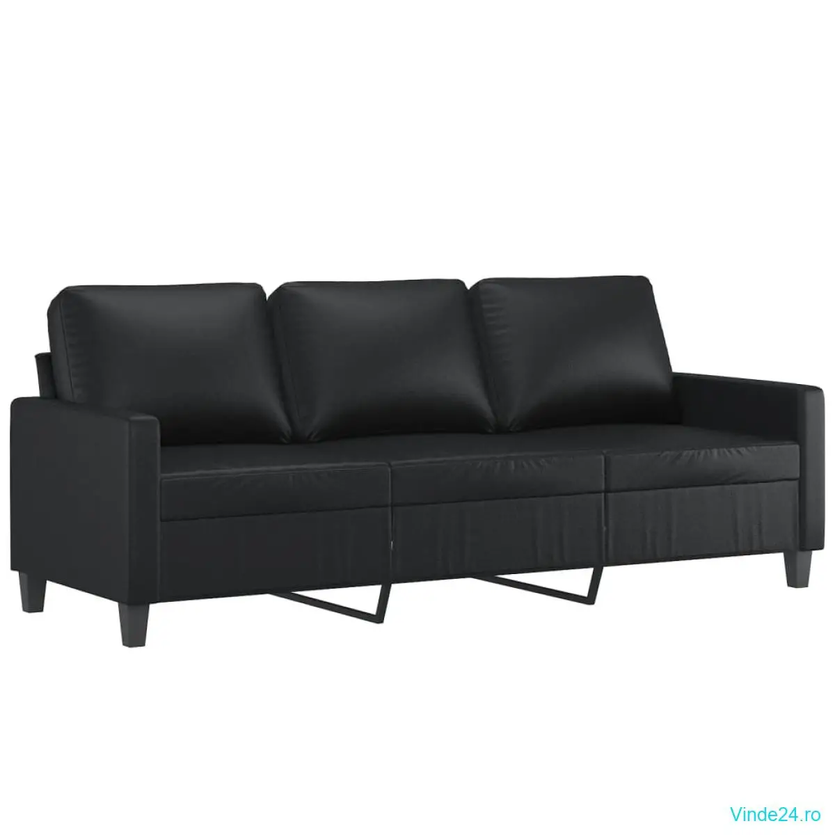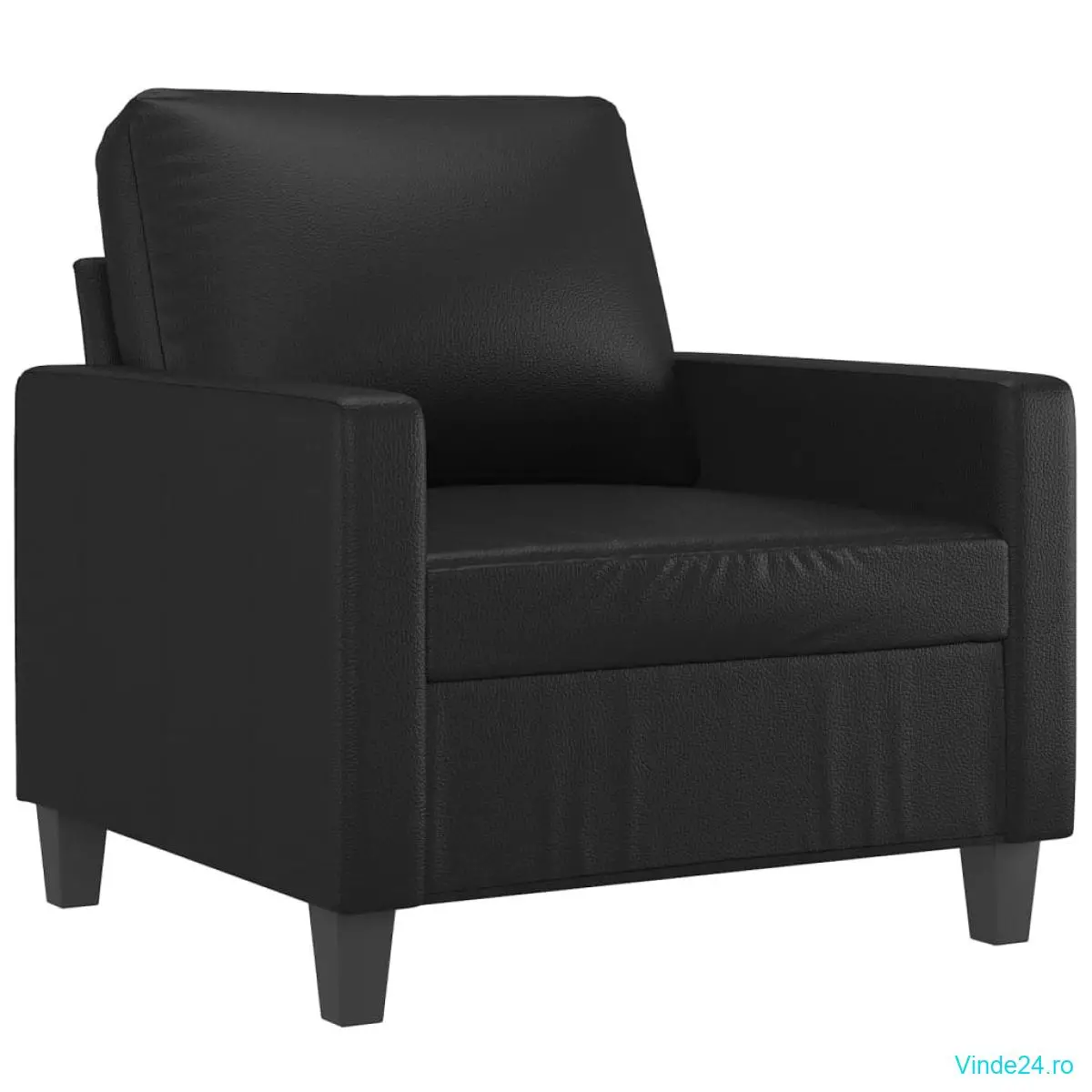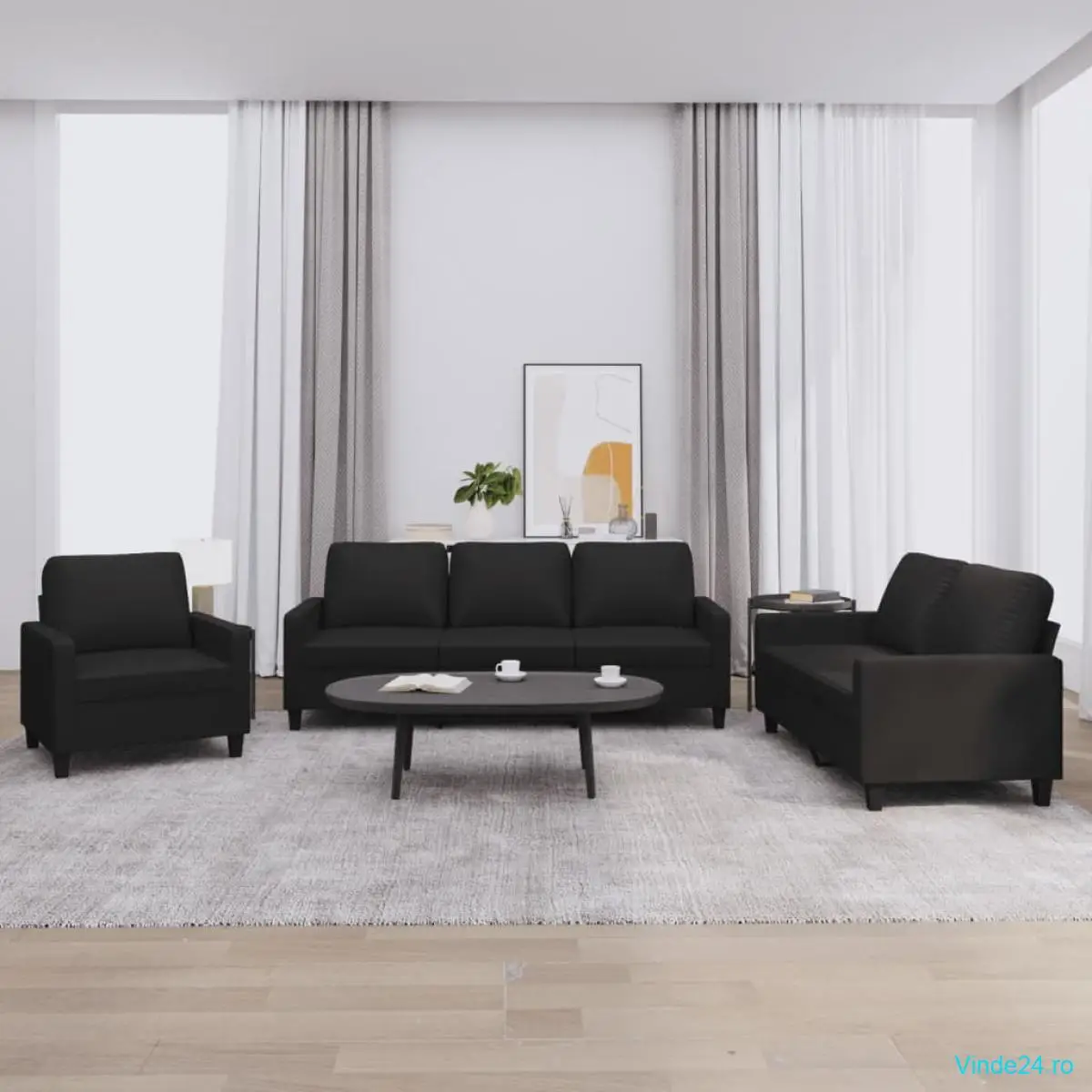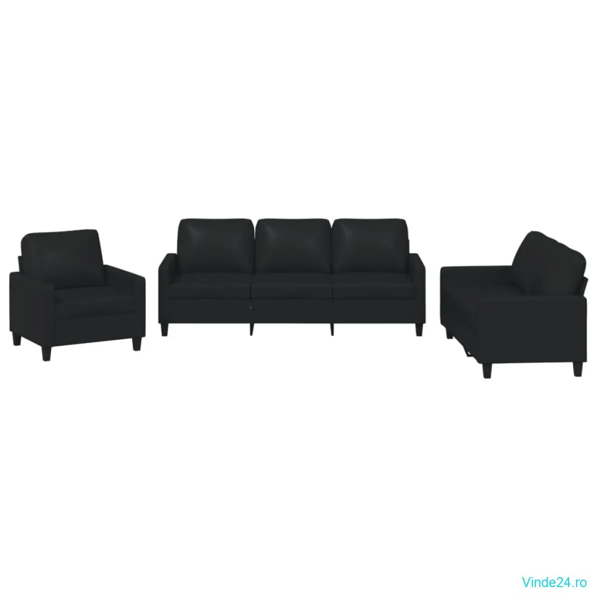 vidaXL Set de canapele cu perne, 3 piese, negru, piele ecologică
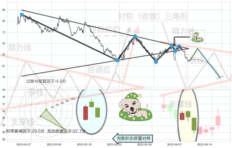 ➢ 下降【对称】三角形整理综合量化分数: 38.86 【强烈看空】
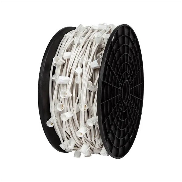 Bulk Socketed Spools, WHITE C9 Socket, 18 AWG, 1000 Feet, 12 in. Spacing

Exercise directions: This task calls for the lines from the line holding "下降【对称】三角形整理综合量化分数: 38.86 【强烈看空】" through the last line above, restated word for word with both ends included and the pictures dropped.

Output for this task:
 ➢ 下降【对称】三角形整理综合量化分数: 38.86 【强烈看空】
 Bulk Socketed Spools, WHITE C9 Socket, 18 AWG, 1000 Feet, 12 in. Spacing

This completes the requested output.